Originally posted by kmax87
I meant personal transportation, though getting the heavier vehicles and bus fleets off diesel as they have been doing in some locations is a good thing. California's clean air legislation has done wonders with air quality that if left to market forces might not have changed.
If we are at that tipping point where personal transport fuelled by fossil fuels ca ...[text shortened]... hem I would rather see them forced out to pasture than have environmental standards rolled back.
OK, now the rest of us know what you're talking about.
California's regulations (re: clean air), have done lots of things, many of them unintended consequences. Gasoline pump prices are higher for everyone, and from what I see from afar, road congestion hasn't changed. Part of the cost of building California approved vehicles has bled over to cars destined for the rest of the country. Catalytic converters containing precious metals are a favorite target of thieves, and the typical result is that owners replace them with straight pipes, at a lower cost, and to deter further thefts. Near as I can tell they haven't done anything but enrich thieves.

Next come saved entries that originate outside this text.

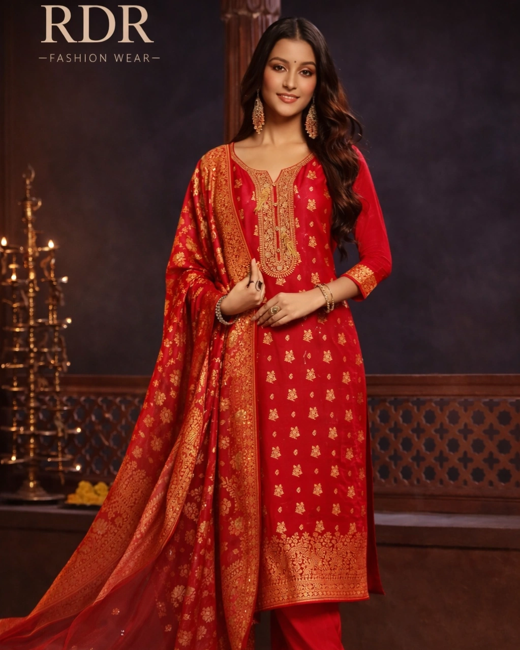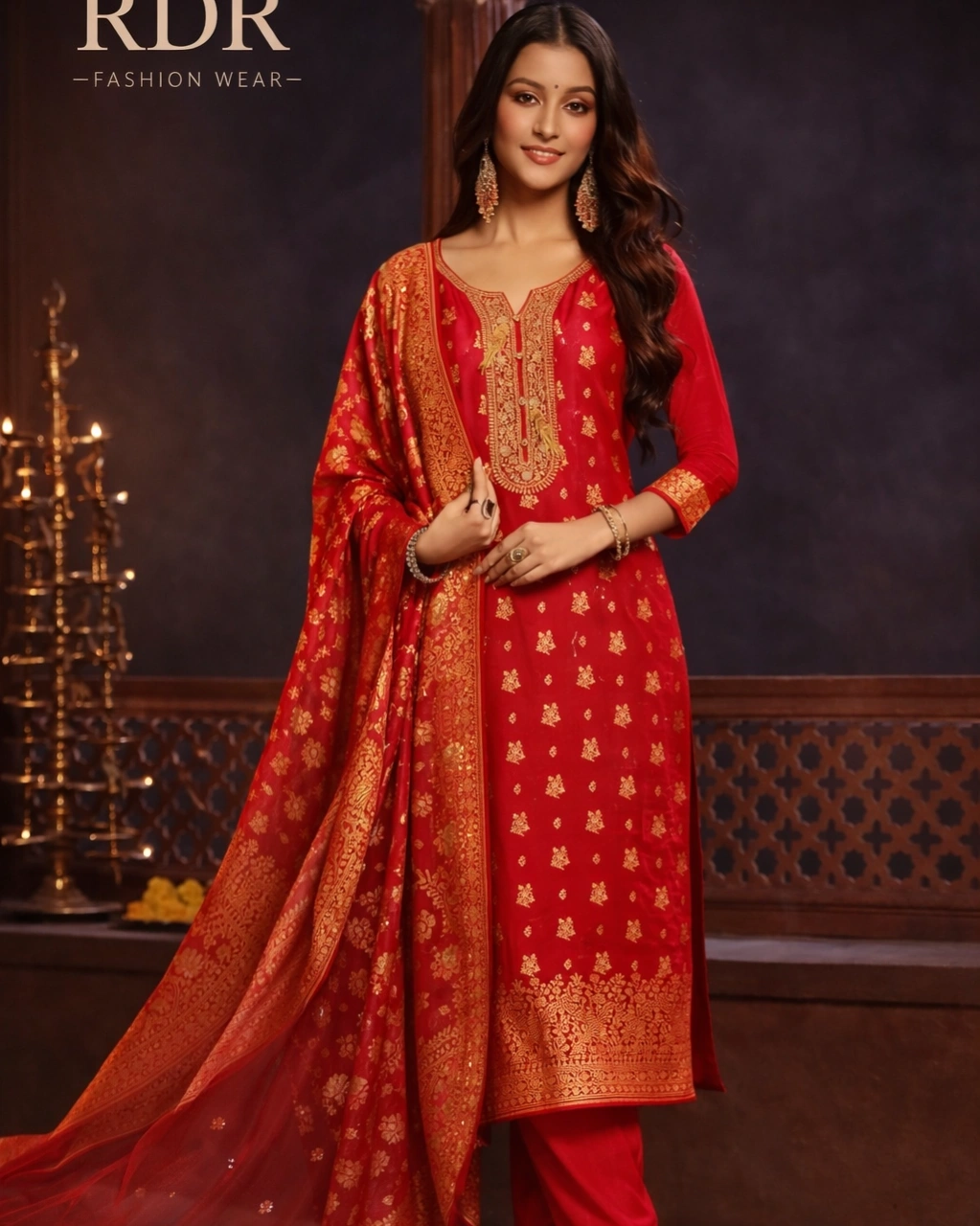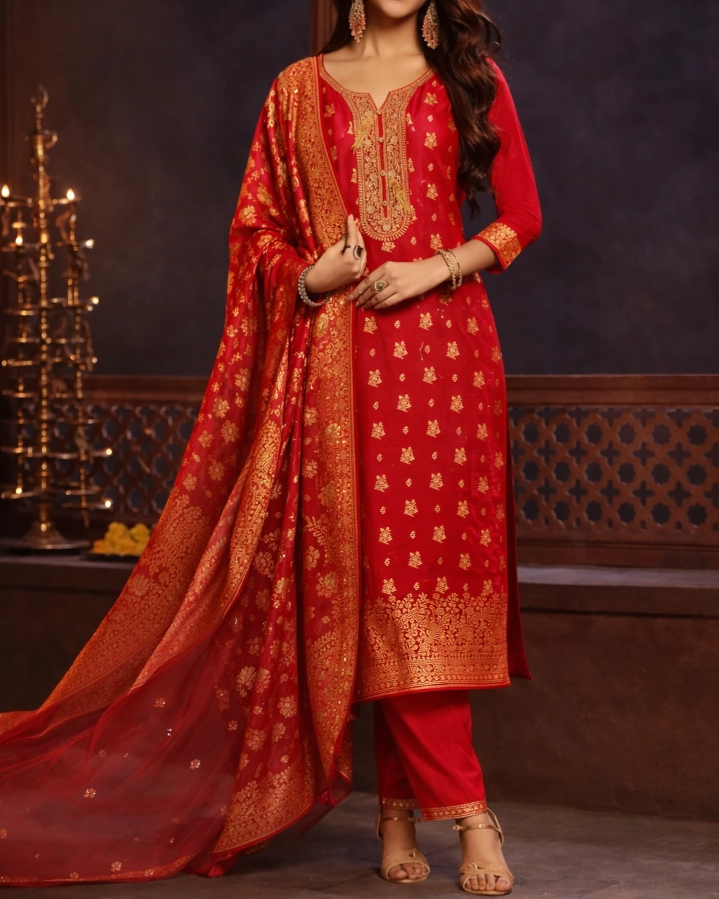 Product Name: Elegant Red Golden Embroidered Kurta Set
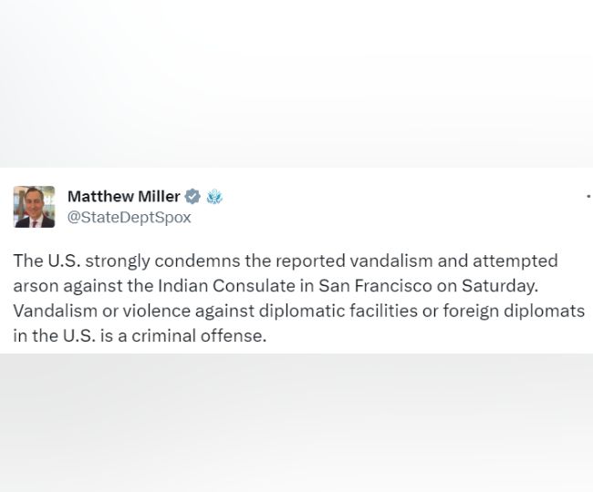इधर, इस घटना की अमेरिका ने कड़ी निंदा की है। अमेरिका ने इसे गंभीर अपराध करार दिया है। विदेश विभाग के प्रवक्ता मैथ्यू मिलर ने कहा कि अमेरिका, सैन फ्रांसिस्को में भारतीय वाणिज्य दूतावास के खिलाफ कथित बर्बरता और आगजनी के प्रयास की कड़ी निंदा करता है।
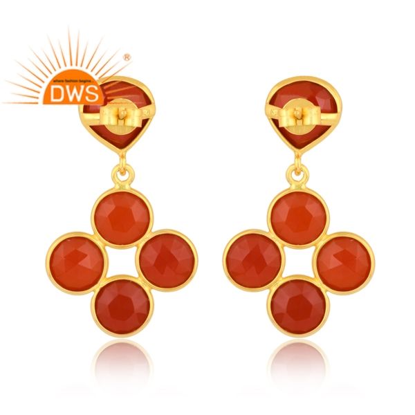 ต่างหูอัญมณีโอนิกซ์สีแดงธรรมชาติชุบทอง18K ดีไซน์ล่าสุดต่างหูห้อยอัญมณี
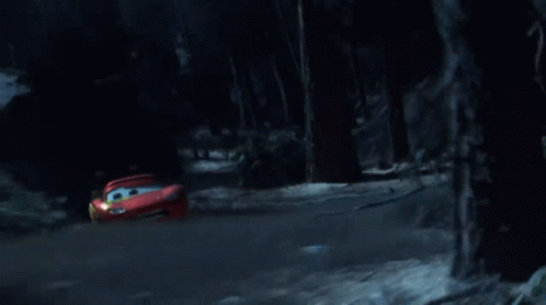 Lightning McQueen from the Cars movie franchise drives off-road through a dark forest at night.
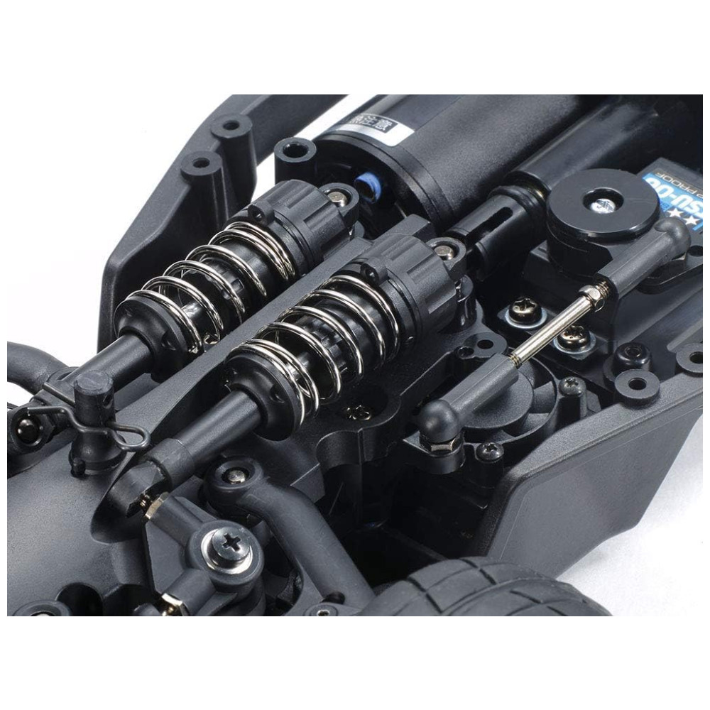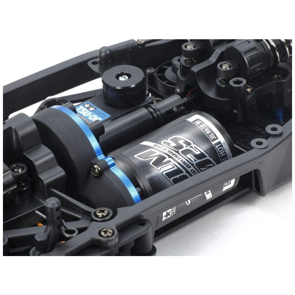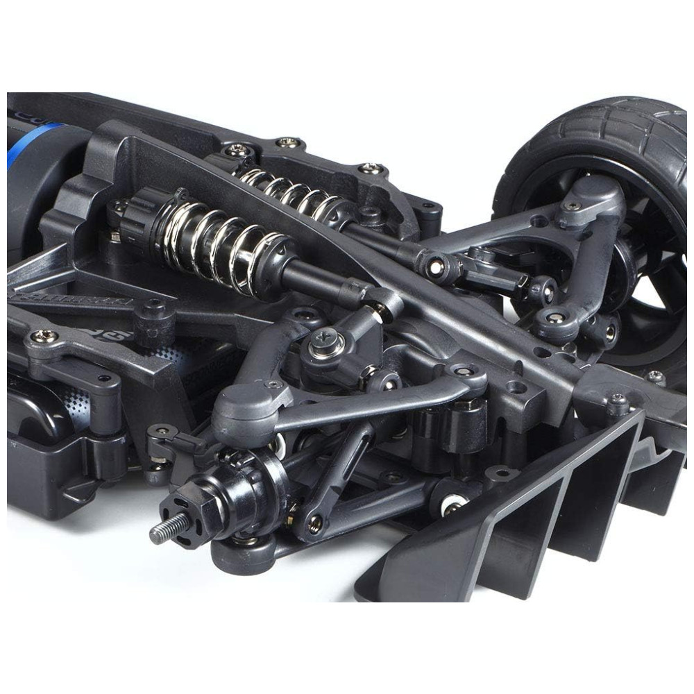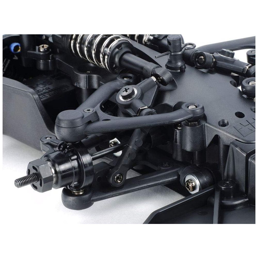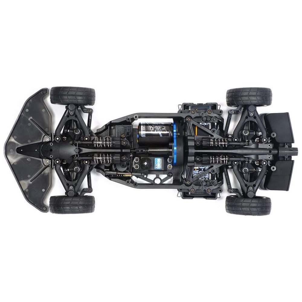 Além da carroria exclusiva da Fórmula E Gen2, este chassi é com carrocerias de carros de turismo padrão. Distância entre eixos 257mm. Uma quase híbrida de monocoque e uma estrutura superior é uma reminiscência da vista no TA07 e em outras máquinas modernas da Tamiya. Oferece uma gama superior e potencial para toda uma configuração de carros. A suspensão interna e a relação ao longo da utilização das partes direitas inferiores e superiores, para alavancar a manutenção simplificada. Os Ajudantes a óleo são acionados por imprensas e balanços. Altere os choques e os suportes da carroceria para alternar entre os layouts de formula e carro de turismo. Compatível com baterias de dimensão quadrada padrão IFMAR.
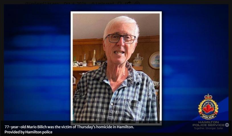 第三殺人宗案件於周四下午 12時30 分左右發生在咸美頓。警方稱,警員在Macnab 街北停車場發現一名失去意識的男子,他身上有類似刺傷的傷勢,當時情況嚴重,受害者被確認為77歲的Mario Bilich(下圖),他被緊急送往醫院,但後來因傷勢過重死亡。
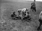 D. Burns putting the brand on a calf with help from a group of cowboys during branding season at the Pitchfork Ranch, at Dickens, Texas. The calf is being held still by three men while Burns places the brand.
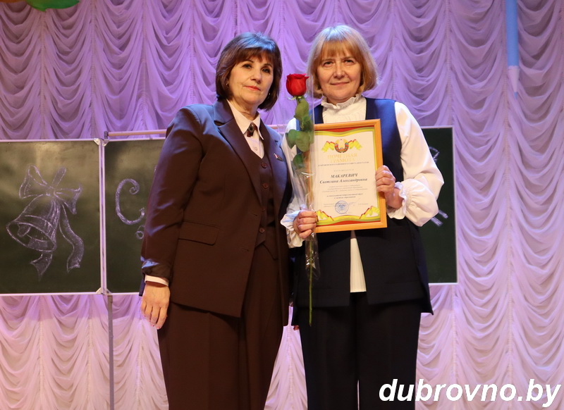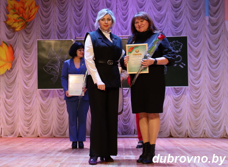 В ходе мероприятия педагогам были вручены Грамоты за добросовестный труд и значительный вклад в обучение и воспитание подрастающего поколения. Так, Почетной грамотой Дубровенского районного совета депутатов награждены Светлана Макаревич, Виктор Трутко из средней школы №1 г.Дубровно им.А.Никандровой и Галина Шинкевич из Осинторфской средней школы. Почетной грамотой райисполкома — Людмила Набздорова и Наталья Аникеева, учителя средних школ №1 и №2 г.Дубровно, Благодарность председателя Дубровенского райисполкома объявлена Марине Сулимовой (детский сад№4 г.Дубровно) и Валерию Гавриленко (средняя школа №2 г.Дубровно им.Ю.Смирнова). Также 14 педагогов были отмечены Грамотами отдела по образованию.
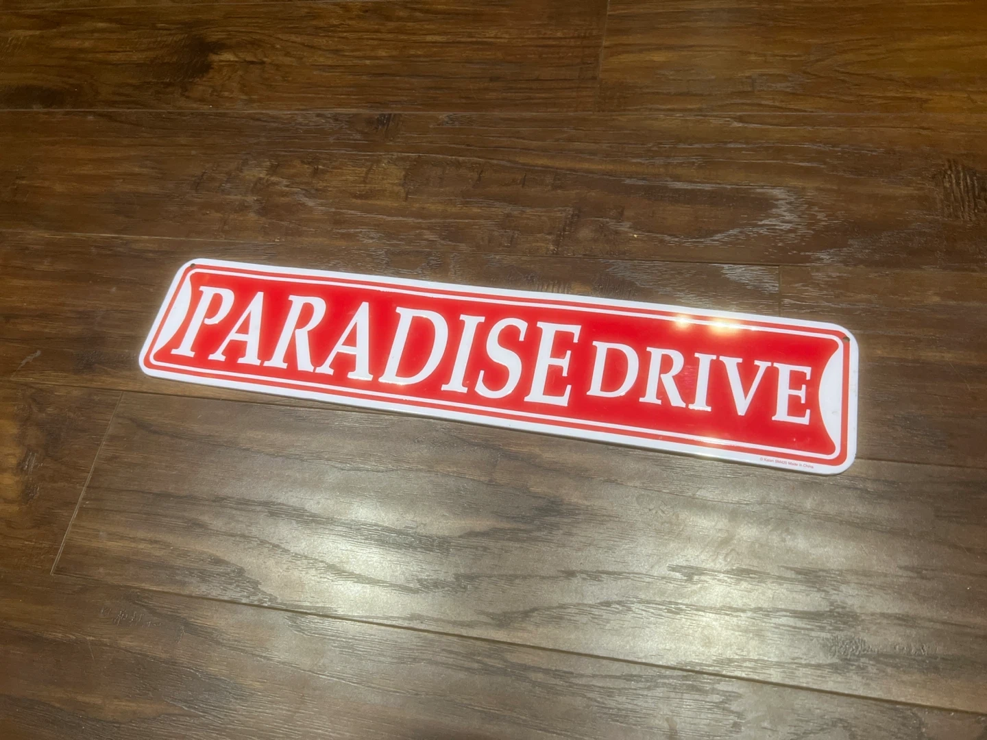 This is a Paradise Drive street sign. It's red and white. Great for decorating a garage or man cave!
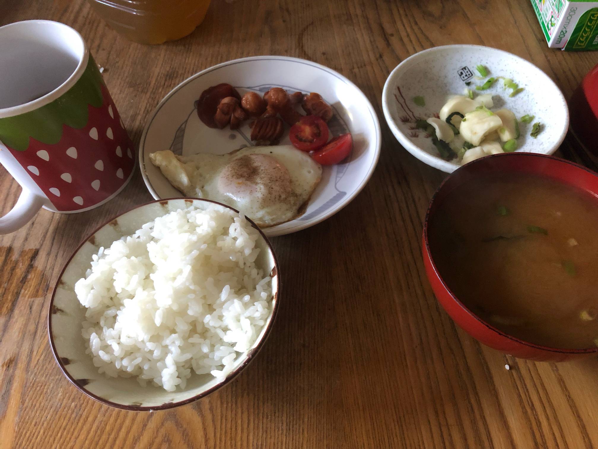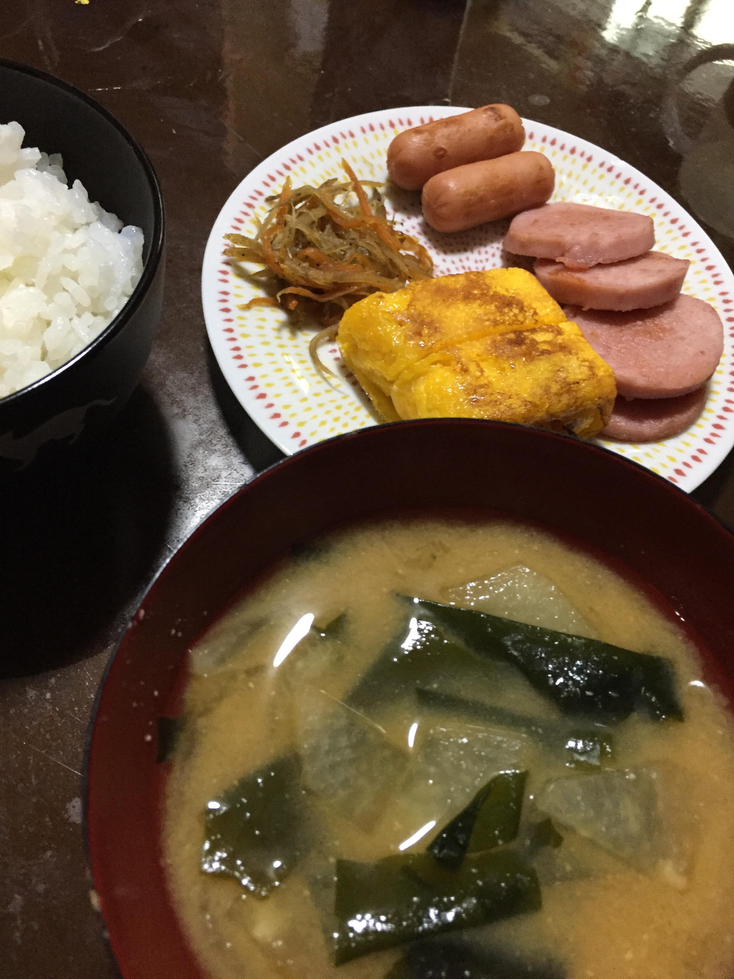 ご飯に味噌汁、海苔、漬け物。あといりこ炒ったのとかメザシがあれば文句ない。昼はパンか麺かご飯ならチャーハンとかチキンライスがいいな。
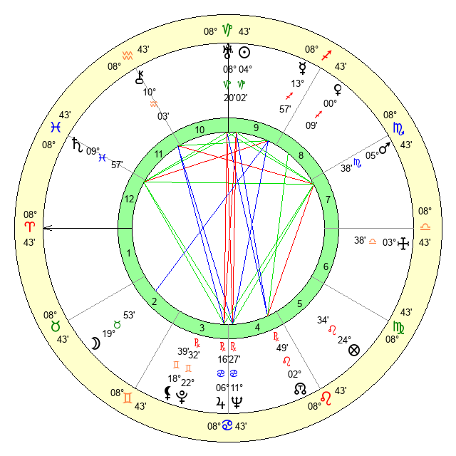| Mars | 5 Scorpio 39 | 3 Leo 30 | 9 Capricorn 35 |
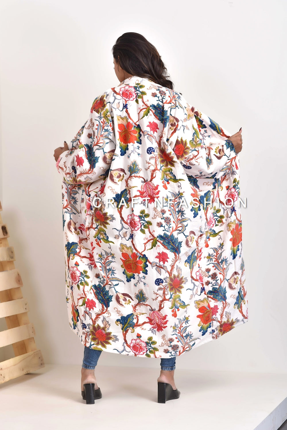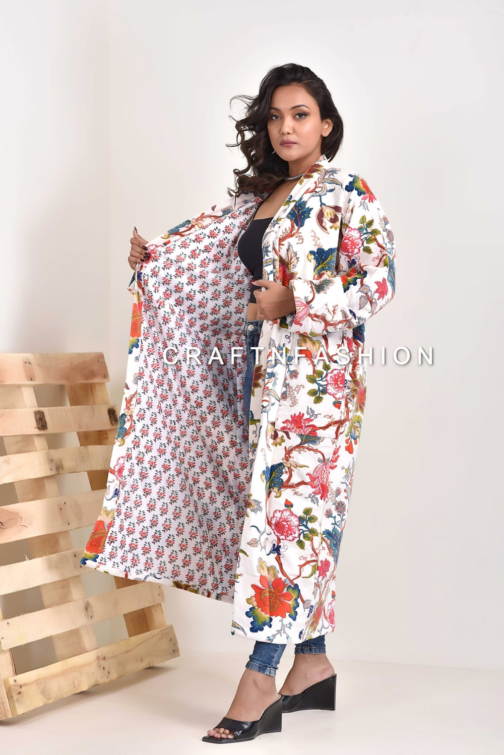 Designer Winter Wear Boho Fashion Velvet Jacket Kimono Robe Coat with matching Belt , Block Printed Lining.

Left to their own initiatives, I believe car manufacturers would have found more effective, and more practical methods of reducing emissions, and ultimately other modes of generating the power.
BTW, in and around my city, many fleet vehicles are burning natural gas, which is cleaner, and cheaper than gasoline. However, forcing all vehicles to use that, would be a nightmare installing the infrastructure, and what to do with the existing fleet of personally owned vehicles.